#### WHAT THE TASK REQUIRES:
Copy out exactly the stretch of the listing below that begins at the line containing "都市快报综合报道 据俄新社、" and ends at the line containing "A Prefeitura de", and copy nothing outside it.

#### EXTRACTED MATERIAL:

-=-=-

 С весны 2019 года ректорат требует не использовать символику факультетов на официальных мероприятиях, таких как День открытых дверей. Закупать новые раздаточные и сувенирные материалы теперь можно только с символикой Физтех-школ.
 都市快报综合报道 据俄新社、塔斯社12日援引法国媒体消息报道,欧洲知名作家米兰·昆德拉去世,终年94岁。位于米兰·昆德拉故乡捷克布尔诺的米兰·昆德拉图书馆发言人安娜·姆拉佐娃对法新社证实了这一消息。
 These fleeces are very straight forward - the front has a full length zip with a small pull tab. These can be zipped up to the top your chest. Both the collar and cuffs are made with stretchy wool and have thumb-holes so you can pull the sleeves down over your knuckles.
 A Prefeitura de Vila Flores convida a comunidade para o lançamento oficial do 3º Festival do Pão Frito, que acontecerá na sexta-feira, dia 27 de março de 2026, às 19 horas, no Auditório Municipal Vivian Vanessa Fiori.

-=-=-

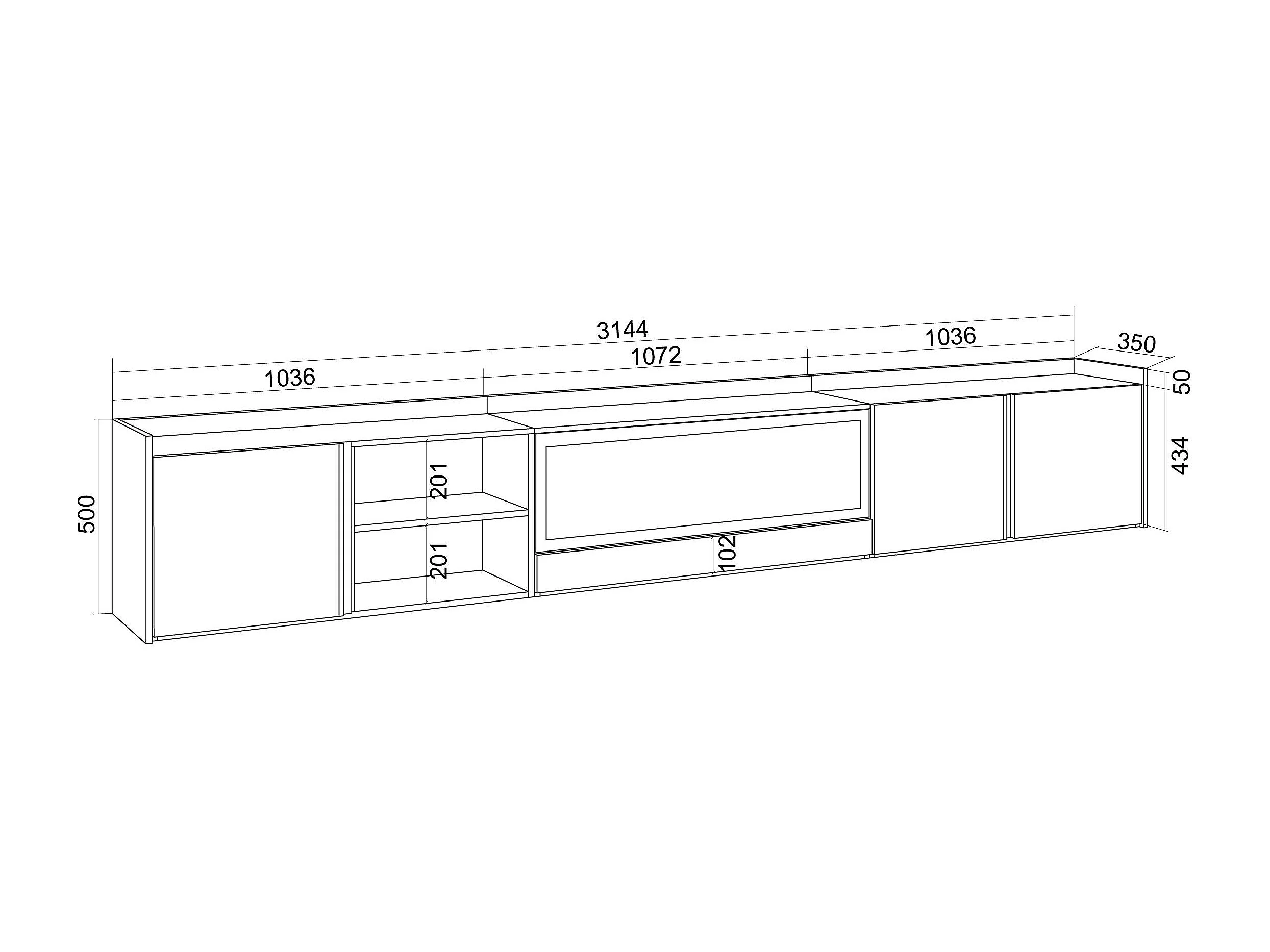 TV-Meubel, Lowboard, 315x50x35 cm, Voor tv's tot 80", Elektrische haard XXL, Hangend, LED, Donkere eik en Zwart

-=-=-

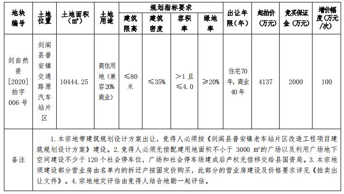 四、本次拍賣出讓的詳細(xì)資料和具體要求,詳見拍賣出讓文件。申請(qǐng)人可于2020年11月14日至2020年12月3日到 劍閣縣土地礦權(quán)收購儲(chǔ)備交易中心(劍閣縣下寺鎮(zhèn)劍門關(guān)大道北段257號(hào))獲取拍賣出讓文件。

-=-=-

#### WRITTEN ANSWER:
 都市快报综合报道 据俄新社、塔斯社12日援引法国媒体消息报道,欧洲知名作家米兰·昆德拉去世,终年94岁。位于米兰·昆德拉故乡捷克布尔诺的米兰·昆德拉图书馆发言人安娜·姆拉佐娃对法新社证实了这一消息。
 These fleeces are very straight forward - the front has a full length zip with a small pull tab. These can be zipped up to the top your chest. Both the collar and cuffs are made with stretchy wool and have thumb-holes so you can pull the sleeves down over your knuckles.
 A Prefeitura de Vila Flores convida a comunidade para o lançamento oficial do 3º Festival do Pão Frito, que acontecerá na sexta-feira, dia 27 de março de 2026, às 19 horas, no Auditório Municipal Vivian Vanessa Fiori.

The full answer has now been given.